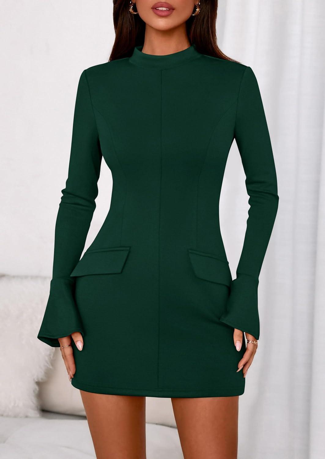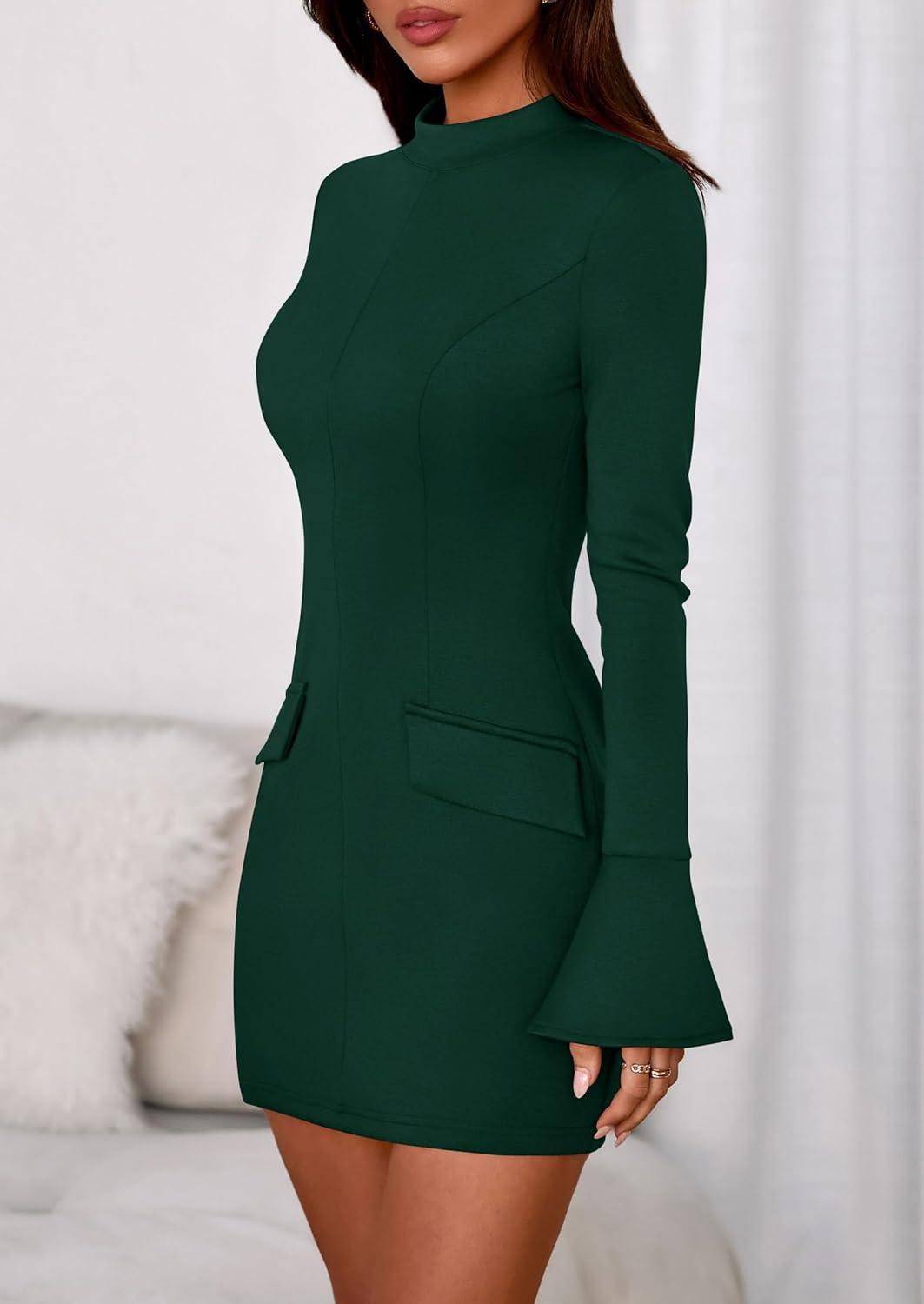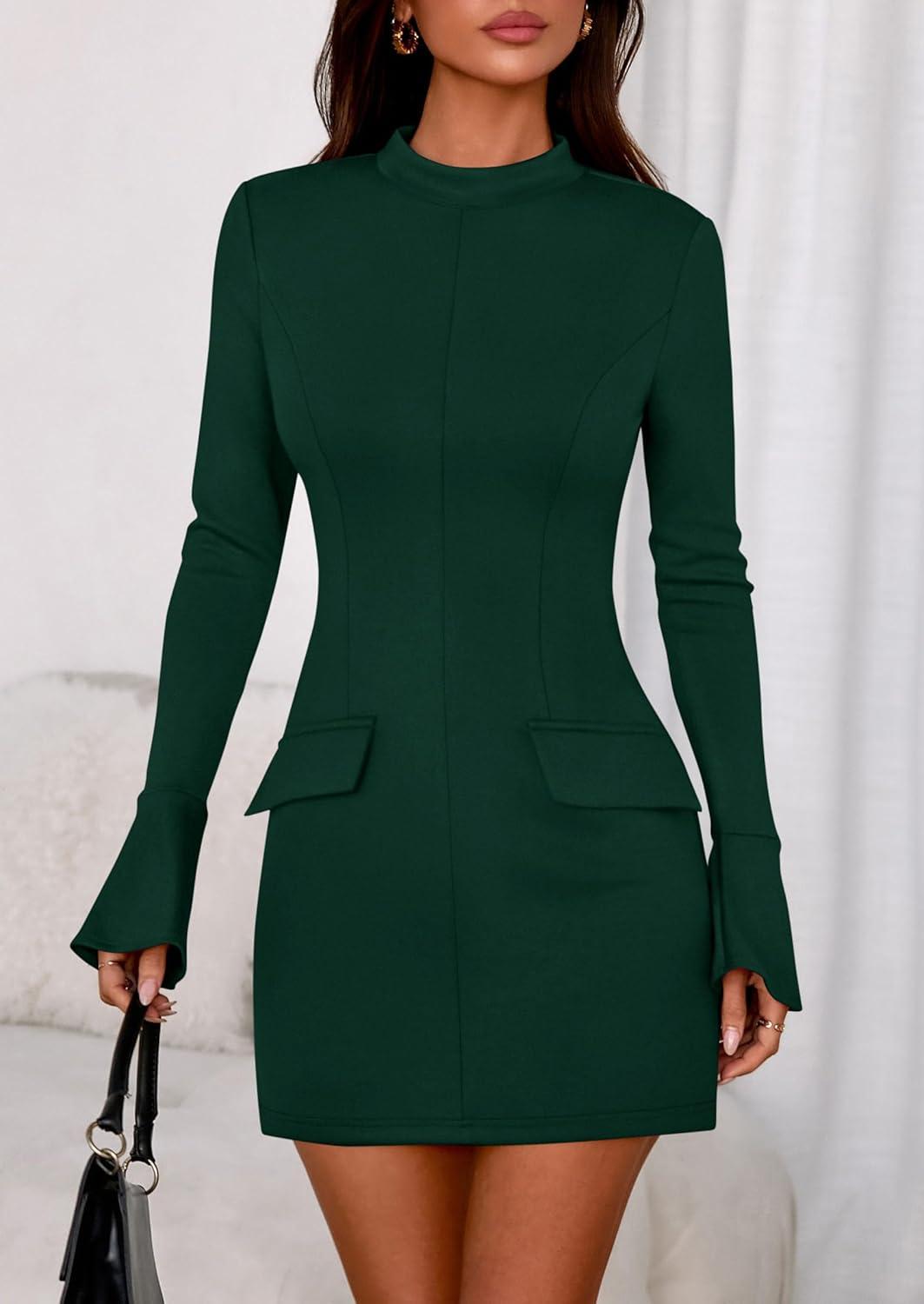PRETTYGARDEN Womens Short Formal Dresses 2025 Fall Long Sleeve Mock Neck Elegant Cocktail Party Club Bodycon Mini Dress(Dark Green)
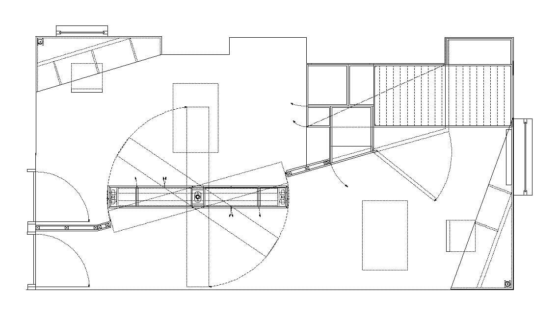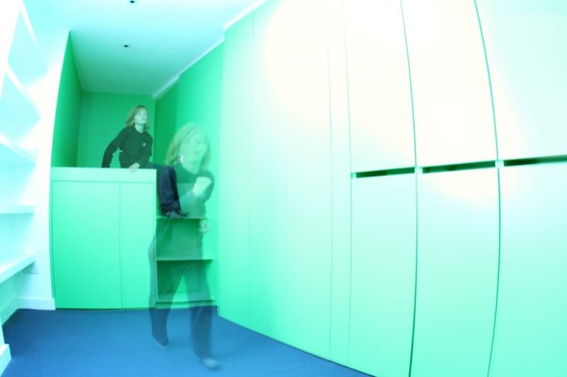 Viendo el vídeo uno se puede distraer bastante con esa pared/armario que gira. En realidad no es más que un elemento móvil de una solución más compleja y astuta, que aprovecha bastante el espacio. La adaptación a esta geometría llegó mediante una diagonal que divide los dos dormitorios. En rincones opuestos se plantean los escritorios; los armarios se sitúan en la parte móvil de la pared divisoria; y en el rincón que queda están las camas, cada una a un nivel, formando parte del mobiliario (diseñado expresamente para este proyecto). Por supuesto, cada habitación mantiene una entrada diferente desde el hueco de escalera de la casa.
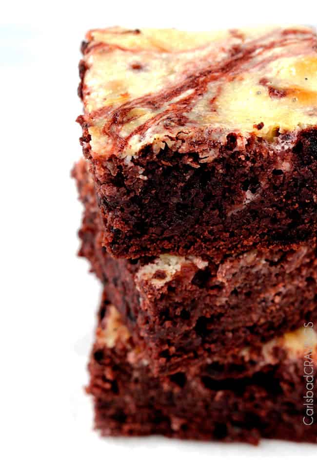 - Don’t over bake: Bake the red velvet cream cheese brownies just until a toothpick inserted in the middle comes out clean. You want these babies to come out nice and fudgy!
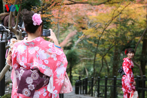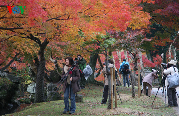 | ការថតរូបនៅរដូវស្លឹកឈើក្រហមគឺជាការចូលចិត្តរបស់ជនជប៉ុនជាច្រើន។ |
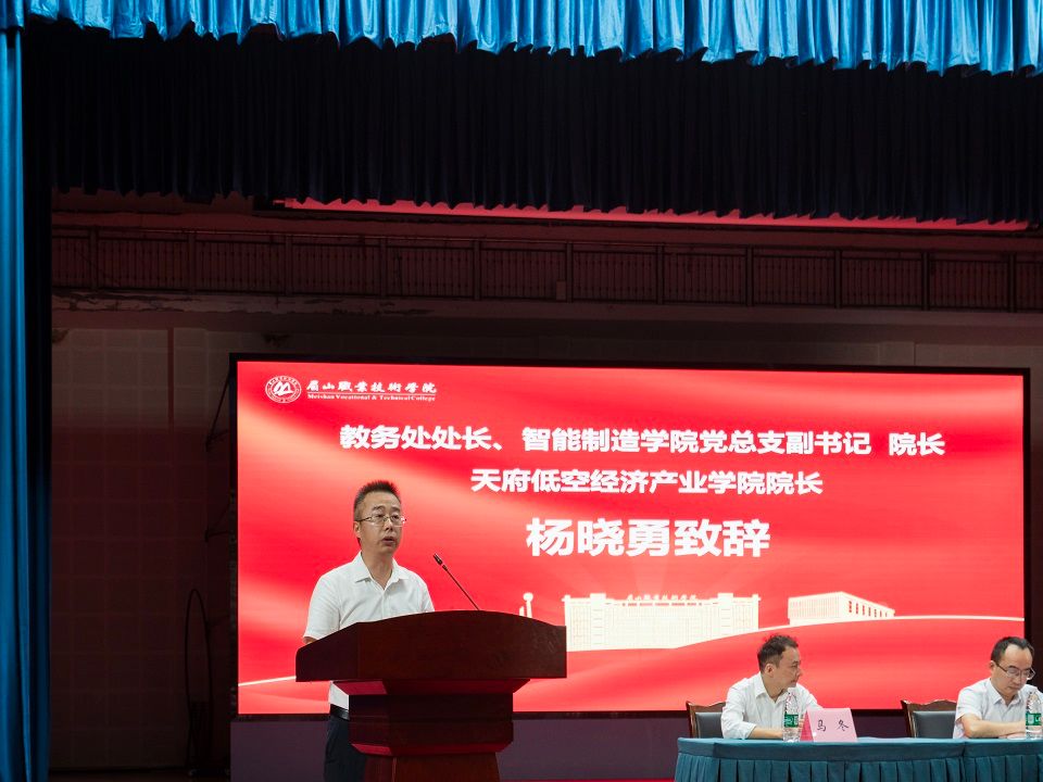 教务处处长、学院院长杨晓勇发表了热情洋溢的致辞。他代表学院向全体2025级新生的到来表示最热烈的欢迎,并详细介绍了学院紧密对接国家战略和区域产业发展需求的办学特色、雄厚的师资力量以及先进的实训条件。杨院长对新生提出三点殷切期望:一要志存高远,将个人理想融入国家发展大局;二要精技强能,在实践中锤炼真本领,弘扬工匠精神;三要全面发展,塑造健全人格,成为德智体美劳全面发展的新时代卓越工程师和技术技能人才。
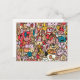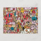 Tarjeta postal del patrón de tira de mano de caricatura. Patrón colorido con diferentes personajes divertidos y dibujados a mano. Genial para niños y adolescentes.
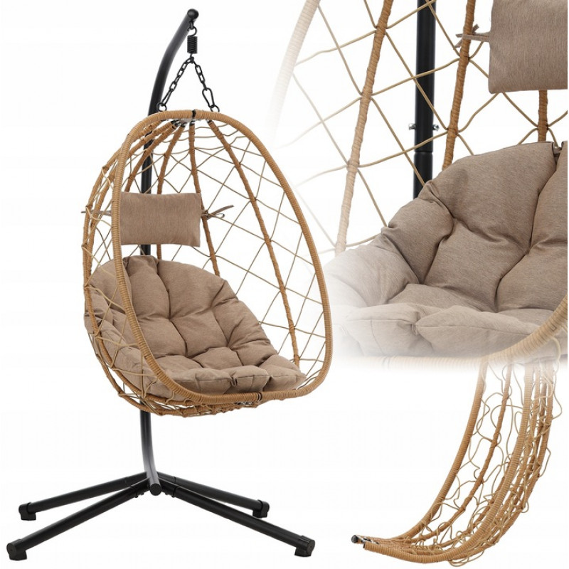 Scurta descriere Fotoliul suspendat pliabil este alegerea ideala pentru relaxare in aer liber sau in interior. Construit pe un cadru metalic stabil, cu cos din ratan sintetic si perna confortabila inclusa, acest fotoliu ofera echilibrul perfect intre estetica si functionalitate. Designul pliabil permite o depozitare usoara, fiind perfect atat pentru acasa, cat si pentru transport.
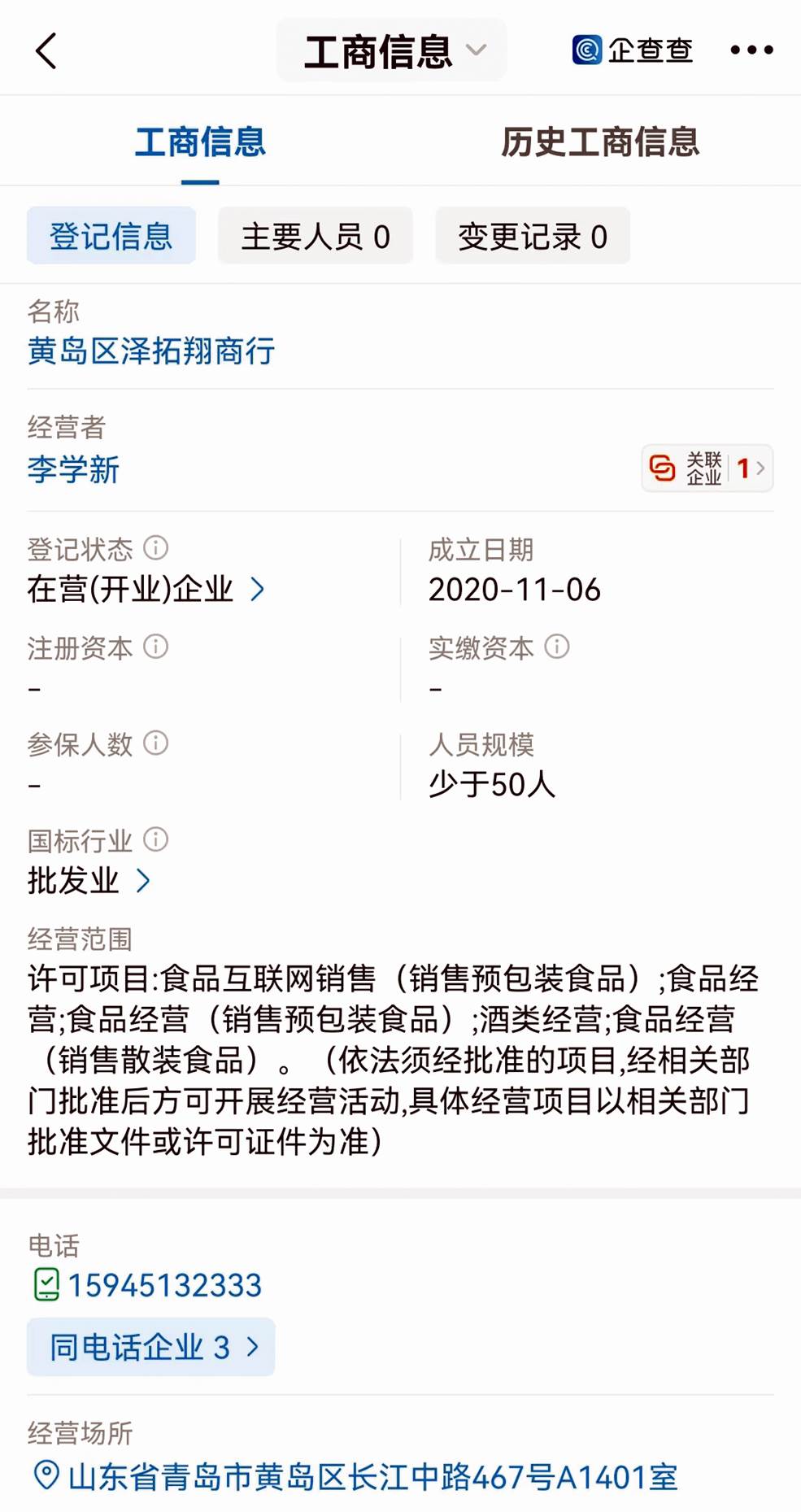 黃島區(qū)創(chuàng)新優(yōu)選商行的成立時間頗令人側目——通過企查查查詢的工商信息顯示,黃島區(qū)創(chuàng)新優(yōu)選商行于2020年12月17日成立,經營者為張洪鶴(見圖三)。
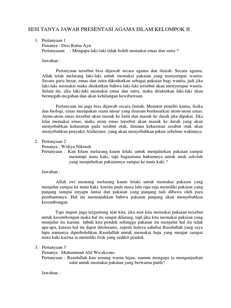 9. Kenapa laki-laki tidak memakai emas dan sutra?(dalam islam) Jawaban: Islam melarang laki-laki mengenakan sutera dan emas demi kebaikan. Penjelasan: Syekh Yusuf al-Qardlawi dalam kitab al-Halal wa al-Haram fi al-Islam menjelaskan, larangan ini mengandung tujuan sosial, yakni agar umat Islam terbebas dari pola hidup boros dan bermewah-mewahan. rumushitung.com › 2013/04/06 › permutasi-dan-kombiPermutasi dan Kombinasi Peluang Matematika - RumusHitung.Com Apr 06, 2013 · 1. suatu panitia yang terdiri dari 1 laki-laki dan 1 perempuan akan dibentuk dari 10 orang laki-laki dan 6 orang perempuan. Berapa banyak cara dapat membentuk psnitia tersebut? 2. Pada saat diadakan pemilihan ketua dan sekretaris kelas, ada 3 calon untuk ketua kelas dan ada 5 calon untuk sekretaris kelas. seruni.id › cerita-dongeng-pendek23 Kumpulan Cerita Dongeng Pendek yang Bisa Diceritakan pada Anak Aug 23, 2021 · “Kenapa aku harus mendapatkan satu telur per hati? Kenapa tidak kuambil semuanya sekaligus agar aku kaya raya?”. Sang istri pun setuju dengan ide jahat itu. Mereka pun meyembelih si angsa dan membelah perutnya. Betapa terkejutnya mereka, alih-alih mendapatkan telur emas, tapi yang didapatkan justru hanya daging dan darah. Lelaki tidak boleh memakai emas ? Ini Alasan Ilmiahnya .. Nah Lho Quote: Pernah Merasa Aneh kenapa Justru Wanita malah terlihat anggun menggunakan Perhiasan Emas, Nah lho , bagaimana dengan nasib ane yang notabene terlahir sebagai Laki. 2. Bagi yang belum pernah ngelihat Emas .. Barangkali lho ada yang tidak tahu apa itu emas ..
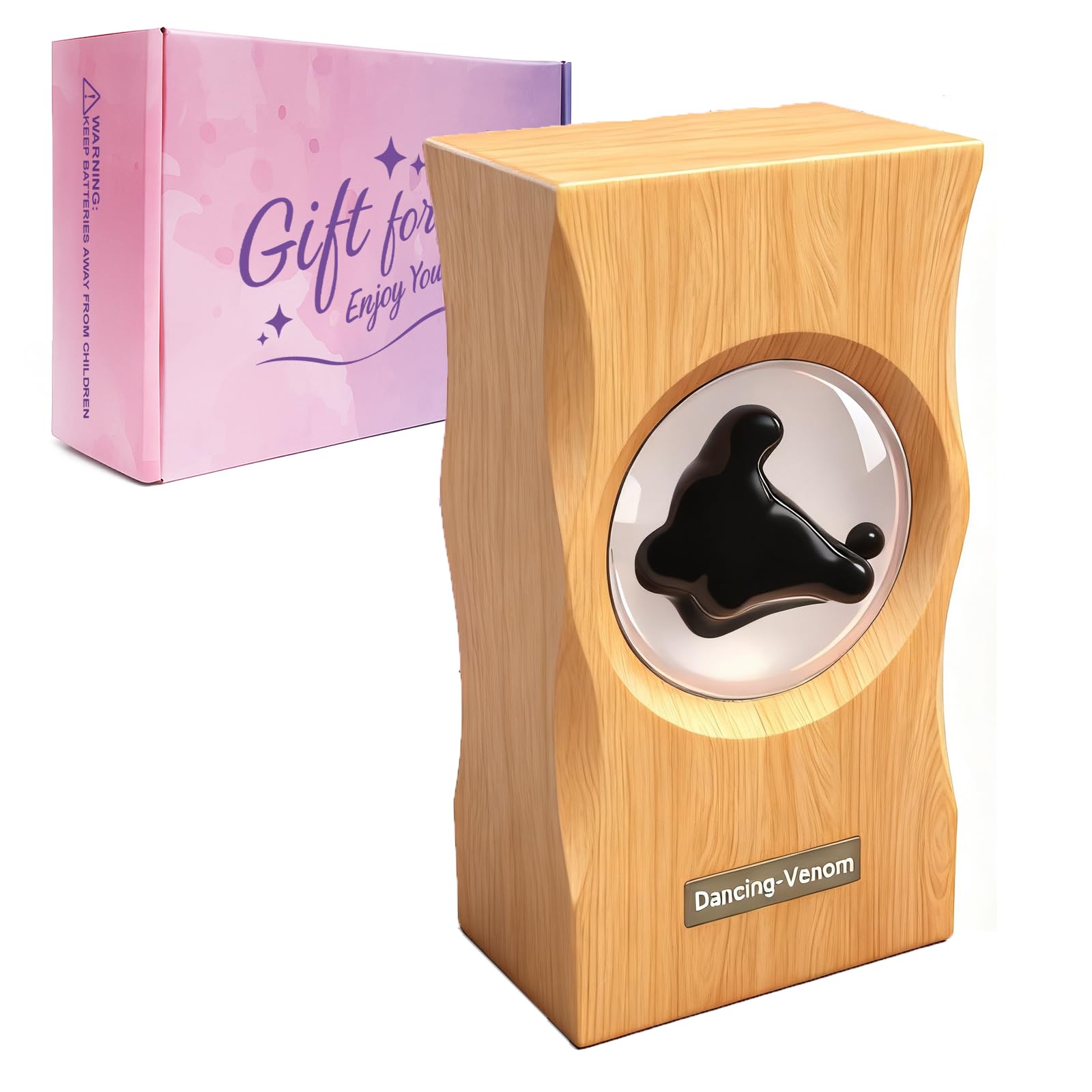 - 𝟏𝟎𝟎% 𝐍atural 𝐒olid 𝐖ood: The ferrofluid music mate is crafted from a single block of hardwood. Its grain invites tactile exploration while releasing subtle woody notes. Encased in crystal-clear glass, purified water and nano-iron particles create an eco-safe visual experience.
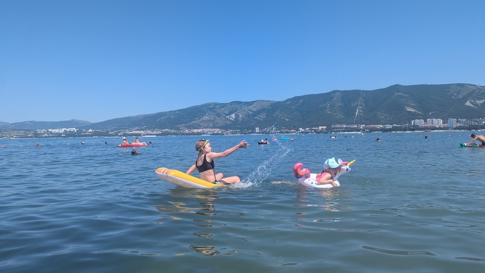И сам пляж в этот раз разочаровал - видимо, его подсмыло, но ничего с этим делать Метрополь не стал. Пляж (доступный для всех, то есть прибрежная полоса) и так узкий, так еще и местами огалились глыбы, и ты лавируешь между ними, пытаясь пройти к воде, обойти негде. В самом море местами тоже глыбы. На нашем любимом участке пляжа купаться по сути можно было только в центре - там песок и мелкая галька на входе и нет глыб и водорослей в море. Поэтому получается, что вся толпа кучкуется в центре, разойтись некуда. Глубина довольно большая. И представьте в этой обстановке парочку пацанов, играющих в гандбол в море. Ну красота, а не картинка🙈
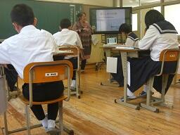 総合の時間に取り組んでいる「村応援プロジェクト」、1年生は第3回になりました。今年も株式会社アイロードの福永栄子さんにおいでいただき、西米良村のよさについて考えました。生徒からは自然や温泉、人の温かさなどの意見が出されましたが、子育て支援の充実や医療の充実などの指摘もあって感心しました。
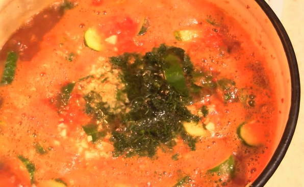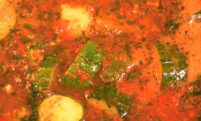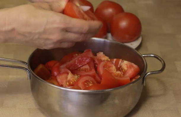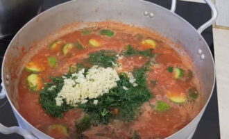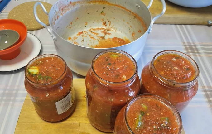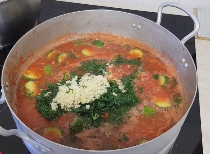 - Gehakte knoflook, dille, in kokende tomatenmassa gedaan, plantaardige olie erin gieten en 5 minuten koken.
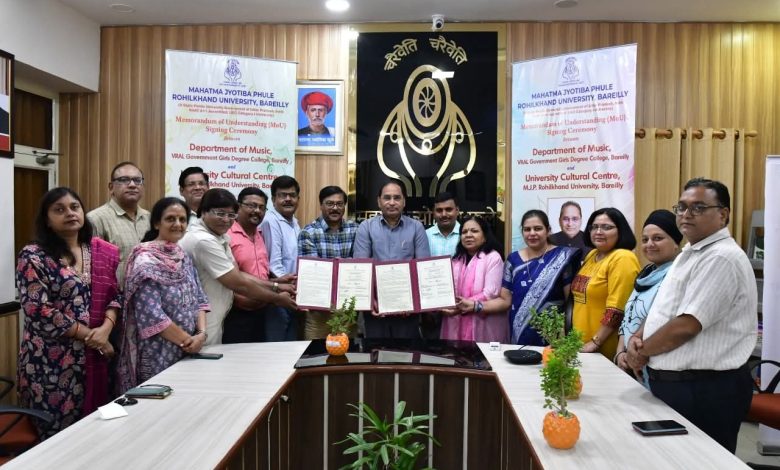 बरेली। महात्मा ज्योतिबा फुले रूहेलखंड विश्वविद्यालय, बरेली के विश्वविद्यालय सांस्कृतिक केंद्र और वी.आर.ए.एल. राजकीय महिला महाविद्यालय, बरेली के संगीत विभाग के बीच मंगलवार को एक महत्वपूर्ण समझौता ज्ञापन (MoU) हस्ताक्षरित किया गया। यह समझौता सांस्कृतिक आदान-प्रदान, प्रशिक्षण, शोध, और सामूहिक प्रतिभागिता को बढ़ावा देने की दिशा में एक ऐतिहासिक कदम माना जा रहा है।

┄┄┄┄┄┄

_DIRECTIONS FOR THIS TASK_.
Only lines belong in the copy: transcribe those from the start of the data through the line that contains "黃島區(qū)創(chuàng)新優(yōu)選商行的成", and skip the pictures.

_RESPONSE BOX_.
PRETTYGARDEN Womens Short Formal Dresses 2025 Fall Long Sleeve Mock Neck Elegant Cocktail Party Club Bodycon Mini Dress(Dark Green)
 Viendo el vídeo uno se puede distraer bastante con esa pared/armario que gira. En realidad no es más que un elemento móvil de una solución más compleja y astuta, que aprovecha bastante el espacio. La adaptación a esta geometría llegó mediante una diagonal que divide los dos dormitorios. En rincones opuestos se plantean los escritorios; los armarios se sitúan en la parte móvil de la pared divisoria; y en el rincón que queda están las camas, cada una a un nivel, formando parte del mobiliario (diseñado expresamente para este proyecto). Por supuesto, cada habitación mantiene una entrada diferente desde el hueco de escalera de la casa.
 - Don’t over bake: Bake the red velvet cream cheese brownies just until a toothpick inserted in the middle comes out clean. You want these babies to come out nice and fudgy!
 | ការថតរូបនៅរដូវស្លឹកឈើក្រហមគឺជាការចូលចិត្តរបស់ជនជប៉ុនជាច្រើន។ |
 教务处处长、学院院长杨晓勇发表了热情洋溢的致辞。他代表学院向全体2025级新生的到来表示最热烈的欢迎,并详细介绍了学院紧密对接国家战略和区域产业发展需求的办学特色、雄厚的师资力量以及先进的实训条件。杨院长对新生提出三点殷切期望:一要志存高远,将个人理想融入国家发展大局;二要精技强能,在实践中锤炼真本领,弘扬工匠精神;三要全面发展,塑造健全人格,成为德智体美劳全面发展的新时代卓越工程师和技术技能人才。
 Tarjeta postal del patrón de tira de mano de caricatura. Patrón colorido con diferentes personajes divertidos y dibujados a mano. Genial para niños y adolescentes.
 Scurta descriere Fotoliul suspendat pliabil este alegerea ideala pentru relaxare in aer liber sau in interior. Construit pe un cadru metalic stabil, cu cos din ratan sintetic si perna confortabila inclusa, acest fotoliu ofera echilibrul perfect intre estetica si functionalitate. Designul pliabil permite o depozitare usoara, fiind perfect atat pentru acasa, cat si pentru transport.
 黃島區(qū)創(chuàng)新優(yōu)選商行的成立時間頗令人側目——通過企查查查詢的工商信息顯示,黃島區(qū)創(chuàng)新優(yōu)選商行于2020年12月17日成立,經營者為張洪鶴(見圖三)。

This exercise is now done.